CHSV is sponsoring this tour to raise monies for the preservation of Magnolia Grange House Museum. The tour will include homes, a school, churches and cemeteries in one of Chesterfield County’s oldest communities. Along with Adventure Hill, c 1847, Physic Hill, c 1815, a Federal period home built by a physician whose office was on the property will be open, as well as Magnolia Grange, c 1822; Clover Hill Plantation, c 1834; Buzzard’s Roost, c 1870; Beach Station, c 1890; Pleasant View School, c 1930; several churches and cemeteries; and Giff’s Store, c 1029.

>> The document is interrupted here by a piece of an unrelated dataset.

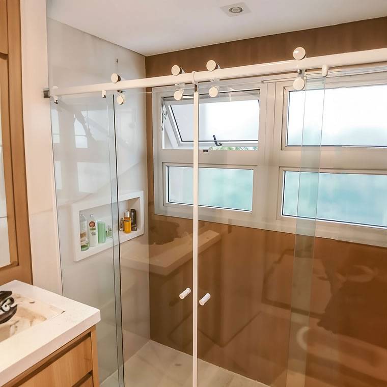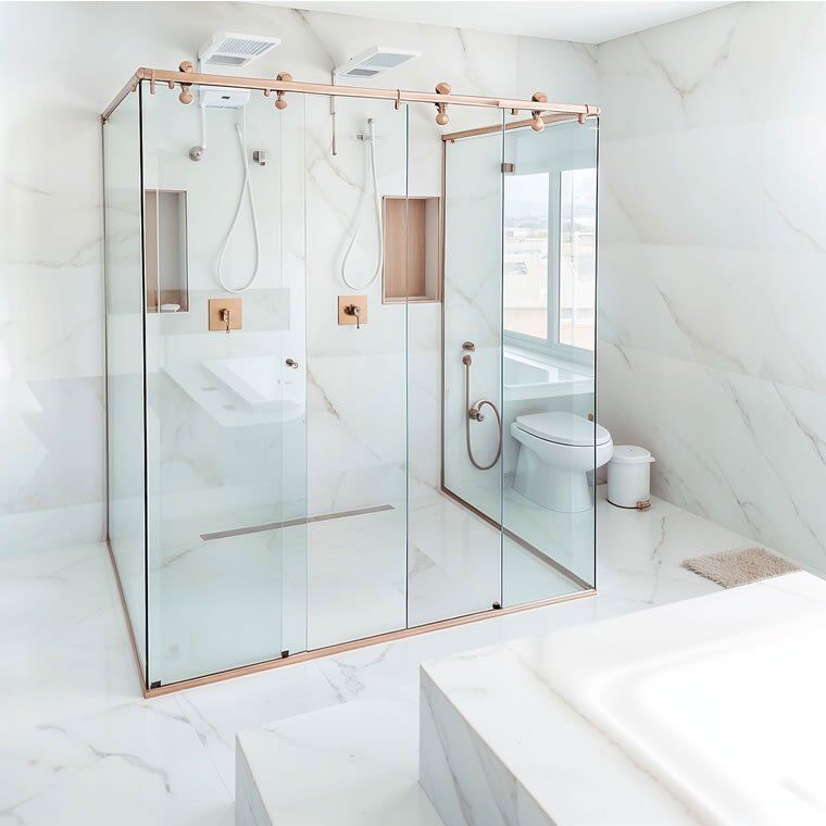 Banheiros grandes têm o luxo do espaço, mas o que realmente os eleva a outro nível é como esse espaço é utilizado. O Box de Vidro para Banheiro Elegance Due é a peça-chave para essa transformação, trazendo o sistema de roldanas aparentes diretamente do design do Box Elegance. Isso não só adiciona um toque de sofisticação ao ambiente como garante uma abertura de porta suave, ampla e extremamente convidativa. Seja alocado ao centro ou nas laterais, o Box Due é a porta de entrada para um novo mundo de conforto.

The 17th century French Hugenot home, Adventure Hill, is situated on nearly 70 acres of its original 500 acres on Winterpock Road. The grounds are mature from their plantings by Watkins Nurseries in the 1920s which are graced with large Magnolias and formalized with boxwoods in the circular driveway and along garden paths from the main house. The grounds include a 100-year-old log cabin, the original smokehouse and a barn which includes a fireplace and tack room.
The home had been sitting vacant for 11 years before the Howell’s purchased it in 1997 and moving in during the Spring of 1999. Everything remains intact with only modernization of a new kitchen that filled the space of an original cover porch converted to a bedroom in the 50s, a sitting room that took the space of the opposing covered porch, and a bath made to fit in the existing space off the master bedroom. A second floor bath, added in the 50s, was refurbished by the Howells with its original fixtures. Central Air was also part of the update in 1997.
The five original doors have all of their original hardware – two at the front, one for the women and one for the men of the house; one from the dining room that led to the cook house; and the two on opposing sides that led to the covered porches.
The 12- to 14-inch heart pine floors are a testament to its occupants over the years with the beauty of the wood brought to life by the Howells.
There are two stairways to the second floor, one used by the girls of the household and one in the rear for the boys; both are the original construction. An opening on the second floor was created from the original plan to join the two sides together of the “T.”
Pam Howell feels the house is haunted, which has been confirmed by her daughter who has actually seen the “little girl” and a woman they have named “Sara” in the room that was her bedroom. Howell says she never feels alone in her home, and has said that it is a good feeling.